▸ Task inputs

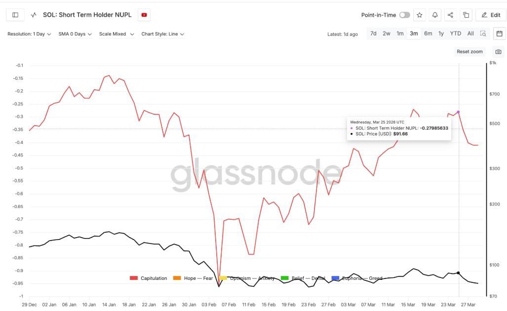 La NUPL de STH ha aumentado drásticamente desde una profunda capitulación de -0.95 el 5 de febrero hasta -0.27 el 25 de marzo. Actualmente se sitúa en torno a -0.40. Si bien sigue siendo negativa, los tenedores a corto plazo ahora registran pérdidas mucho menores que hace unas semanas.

---

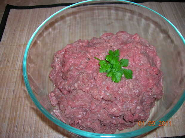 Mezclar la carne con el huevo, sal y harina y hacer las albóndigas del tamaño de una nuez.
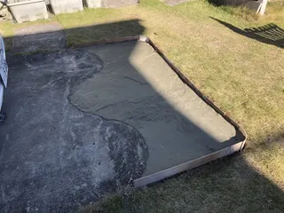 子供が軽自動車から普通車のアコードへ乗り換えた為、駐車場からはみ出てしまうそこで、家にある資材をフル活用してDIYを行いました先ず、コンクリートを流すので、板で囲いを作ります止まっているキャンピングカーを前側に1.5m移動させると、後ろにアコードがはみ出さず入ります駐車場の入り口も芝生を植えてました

--

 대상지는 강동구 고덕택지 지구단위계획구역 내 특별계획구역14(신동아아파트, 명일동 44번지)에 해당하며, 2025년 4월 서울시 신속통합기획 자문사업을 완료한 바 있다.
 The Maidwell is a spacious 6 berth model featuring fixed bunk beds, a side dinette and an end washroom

▸ Task details
Word for word, write out the lines above running from the one with "Mezclar la carne" up to and including the one with "子供が軽自動車から普通車のア". Drop any picture.

▸ Task solution
 Mezclar la carne con el huevo, sal y harina y hacer las albóndigas del tamaño de una nuez.
 子供が軽自動車から普通車のアコードへ乗り換えた為、駐車場からはみ出てしまうそこで、家にある資材をフル活用してDIYを行いました先ず、コンクリートを流すので、板で囲いを作ります止まっているキャンピングカーを前側に1.5m移動させると、後ろにアコードがはみ出さず入ります駐車場の入り口も芝生を植えてました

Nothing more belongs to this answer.